Segment Start: DATA SUPPLIED
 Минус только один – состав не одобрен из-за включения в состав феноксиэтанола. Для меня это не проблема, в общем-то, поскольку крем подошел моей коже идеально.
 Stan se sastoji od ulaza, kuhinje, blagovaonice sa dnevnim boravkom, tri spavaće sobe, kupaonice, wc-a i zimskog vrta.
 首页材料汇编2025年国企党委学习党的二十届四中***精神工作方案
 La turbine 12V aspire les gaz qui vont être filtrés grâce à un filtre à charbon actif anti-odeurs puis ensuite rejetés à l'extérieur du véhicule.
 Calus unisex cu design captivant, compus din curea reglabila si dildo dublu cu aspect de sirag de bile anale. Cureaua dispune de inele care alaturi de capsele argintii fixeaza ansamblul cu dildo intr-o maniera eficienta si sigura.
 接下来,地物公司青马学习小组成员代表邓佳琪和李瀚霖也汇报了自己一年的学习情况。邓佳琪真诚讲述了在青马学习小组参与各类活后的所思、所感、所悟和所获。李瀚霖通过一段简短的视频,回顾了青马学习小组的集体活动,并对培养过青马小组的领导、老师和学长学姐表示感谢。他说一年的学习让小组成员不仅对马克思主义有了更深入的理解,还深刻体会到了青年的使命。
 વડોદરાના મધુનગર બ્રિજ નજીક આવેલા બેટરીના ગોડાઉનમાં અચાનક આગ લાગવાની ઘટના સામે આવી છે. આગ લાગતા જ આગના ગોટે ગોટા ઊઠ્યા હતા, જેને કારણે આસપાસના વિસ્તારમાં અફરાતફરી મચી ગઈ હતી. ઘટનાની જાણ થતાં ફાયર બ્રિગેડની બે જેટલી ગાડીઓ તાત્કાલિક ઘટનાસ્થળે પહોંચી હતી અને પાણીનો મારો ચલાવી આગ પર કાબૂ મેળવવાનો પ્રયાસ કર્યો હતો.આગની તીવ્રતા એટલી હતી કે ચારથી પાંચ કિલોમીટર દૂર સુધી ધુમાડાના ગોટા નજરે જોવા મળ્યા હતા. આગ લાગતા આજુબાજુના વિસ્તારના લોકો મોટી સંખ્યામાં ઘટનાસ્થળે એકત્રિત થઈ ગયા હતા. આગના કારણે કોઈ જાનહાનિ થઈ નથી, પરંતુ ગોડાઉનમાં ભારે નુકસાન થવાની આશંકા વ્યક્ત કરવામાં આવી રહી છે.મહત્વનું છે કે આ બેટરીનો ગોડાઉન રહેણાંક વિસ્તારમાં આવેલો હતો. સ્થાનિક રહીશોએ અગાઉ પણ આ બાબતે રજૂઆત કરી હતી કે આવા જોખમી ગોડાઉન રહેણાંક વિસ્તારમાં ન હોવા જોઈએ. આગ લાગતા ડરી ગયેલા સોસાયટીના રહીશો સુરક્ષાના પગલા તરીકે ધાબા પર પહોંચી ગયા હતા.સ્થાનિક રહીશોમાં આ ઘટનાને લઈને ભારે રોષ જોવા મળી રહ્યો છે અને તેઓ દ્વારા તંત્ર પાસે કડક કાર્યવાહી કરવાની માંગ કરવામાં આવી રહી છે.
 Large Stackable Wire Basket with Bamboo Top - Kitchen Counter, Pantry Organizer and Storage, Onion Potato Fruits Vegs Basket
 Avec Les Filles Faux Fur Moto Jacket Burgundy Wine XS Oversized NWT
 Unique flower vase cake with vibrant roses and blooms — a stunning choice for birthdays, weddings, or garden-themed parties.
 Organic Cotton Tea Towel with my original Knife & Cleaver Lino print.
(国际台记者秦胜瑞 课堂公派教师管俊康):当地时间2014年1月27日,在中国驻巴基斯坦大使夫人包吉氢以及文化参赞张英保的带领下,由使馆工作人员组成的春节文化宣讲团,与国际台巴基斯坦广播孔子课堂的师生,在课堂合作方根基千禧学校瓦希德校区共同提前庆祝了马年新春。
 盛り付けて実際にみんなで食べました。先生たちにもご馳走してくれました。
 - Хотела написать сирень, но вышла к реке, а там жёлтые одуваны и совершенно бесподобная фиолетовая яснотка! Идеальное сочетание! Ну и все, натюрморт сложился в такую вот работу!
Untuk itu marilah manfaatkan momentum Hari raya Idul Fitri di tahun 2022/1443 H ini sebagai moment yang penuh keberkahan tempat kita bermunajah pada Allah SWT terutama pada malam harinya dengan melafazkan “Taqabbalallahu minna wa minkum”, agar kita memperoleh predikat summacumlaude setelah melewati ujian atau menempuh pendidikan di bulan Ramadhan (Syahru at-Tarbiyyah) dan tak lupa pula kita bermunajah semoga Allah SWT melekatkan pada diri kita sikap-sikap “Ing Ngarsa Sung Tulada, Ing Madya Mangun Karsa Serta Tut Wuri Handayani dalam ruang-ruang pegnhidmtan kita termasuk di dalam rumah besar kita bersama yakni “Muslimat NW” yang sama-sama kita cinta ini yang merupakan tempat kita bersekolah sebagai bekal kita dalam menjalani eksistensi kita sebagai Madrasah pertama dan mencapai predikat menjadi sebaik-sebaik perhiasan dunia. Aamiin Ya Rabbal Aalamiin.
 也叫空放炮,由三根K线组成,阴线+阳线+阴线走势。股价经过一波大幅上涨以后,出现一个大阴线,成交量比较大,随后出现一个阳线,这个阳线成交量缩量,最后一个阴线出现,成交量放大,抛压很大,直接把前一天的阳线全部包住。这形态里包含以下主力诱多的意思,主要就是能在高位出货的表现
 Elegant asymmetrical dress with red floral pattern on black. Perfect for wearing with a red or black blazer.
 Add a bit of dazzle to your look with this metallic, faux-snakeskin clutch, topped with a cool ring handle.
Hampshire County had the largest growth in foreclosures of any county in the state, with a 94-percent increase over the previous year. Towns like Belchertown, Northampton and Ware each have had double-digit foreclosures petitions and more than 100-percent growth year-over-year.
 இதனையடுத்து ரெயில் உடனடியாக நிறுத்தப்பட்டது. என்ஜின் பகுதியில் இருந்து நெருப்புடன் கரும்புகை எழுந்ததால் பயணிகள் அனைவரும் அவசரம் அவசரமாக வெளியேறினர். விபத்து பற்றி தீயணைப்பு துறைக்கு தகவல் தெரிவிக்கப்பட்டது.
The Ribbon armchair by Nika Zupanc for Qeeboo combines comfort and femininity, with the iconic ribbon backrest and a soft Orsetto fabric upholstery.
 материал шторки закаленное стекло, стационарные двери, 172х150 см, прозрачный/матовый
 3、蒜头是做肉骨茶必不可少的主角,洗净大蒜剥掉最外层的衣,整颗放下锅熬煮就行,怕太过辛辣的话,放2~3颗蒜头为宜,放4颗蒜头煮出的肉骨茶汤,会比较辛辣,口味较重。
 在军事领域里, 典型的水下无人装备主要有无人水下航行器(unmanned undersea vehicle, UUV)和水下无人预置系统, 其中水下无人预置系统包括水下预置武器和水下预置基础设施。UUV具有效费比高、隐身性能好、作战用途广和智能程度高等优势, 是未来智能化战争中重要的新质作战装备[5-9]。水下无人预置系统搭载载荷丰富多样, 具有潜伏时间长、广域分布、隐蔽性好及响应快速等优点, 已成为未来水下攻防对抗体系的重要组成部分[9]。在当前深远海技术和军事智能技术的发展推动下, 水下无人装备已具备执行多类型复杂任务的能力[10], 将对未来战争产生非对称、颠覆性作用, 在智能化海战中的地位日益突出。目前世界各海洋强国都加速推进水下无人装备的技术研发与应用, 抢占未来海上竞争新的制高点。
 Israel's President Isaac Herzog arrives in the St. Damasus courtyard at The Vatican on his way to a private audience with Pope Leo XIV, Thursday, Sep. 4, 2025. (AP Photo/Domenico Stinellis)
Segment End: DATA SUPPLIED
Would you copy, unchanged, the stretch of the records above that begins at the line containing "Unique flower vase" and ends at the line containing "Untuk itu marilah", and only that?

 Unique flower vase cake with vibrant roses and blooms — a stunning choice for birthdays, weddings, or garden-themed parties.
 Organic Cotton Tea Towel with my original Knife & Cleaver Lino print.
(国际台记者秦胜瑞 课堂公派教师管俊康):当地时间2014年1月27日,在中国驻巴基斯坦大使夫人包吉氢以及文化参赞张英保的带领下,由使馆工作人员组成的春节文化宣讲团,与国际台巴基斯坦广播孔子课堂的师生,在课堂合作方根基千禧学校瓦希德校区共同提前庆祝了马年新春。
 盛り付けて実際にみんなで食べました。先生たちにもご馳走してくれました。
 - Хотела написать сирень, но вышла к реке, а там жёлтые одуваны и совершенно бесподобная фиолетовая яснотка! Идеальное сочетание! Ну и все, натюрморт сложился в такую вот работу!
Untuk itu marilah manfaatkan momentum Hari raya Idul Fitri di tahun 2022/1443 H ini sebagai moment yang penuh keberkahan tempat kita bermunajah pada Allah SWT terutama pada malam harinya dengan melafazkan “Taqabbalallahu minna wa minkum”, agar kita memperoleh predikat summacumlaude setelah melewati ujian atau menempuh pendidikan di bulan Ramadhan (Syahru at-Tarbiyyah) dan tak lupa pula kita bermunajah semoga Allah SWT melekatkan pada diri kita sikap-sikap “Ing Ngarsa Sung Tulada, Ing Madya Mangun Karsa Serta Tut Wuri Handayani dalam ruang-ruang pegnhidmtan kita termasuk di dalam rumah besar kita bersama yakni “Muslimat NW” yang sama-sama kita cinta ini yang merupakan tempat kita bersekolah sebagai bekal kita dalam menjalani eksistensi kita sebagai Madrasah pertama dan mencapai predikat menjadi sebaik-sebaik perhiasan dunia. Aamiin Ya Rabbal Aalamiin.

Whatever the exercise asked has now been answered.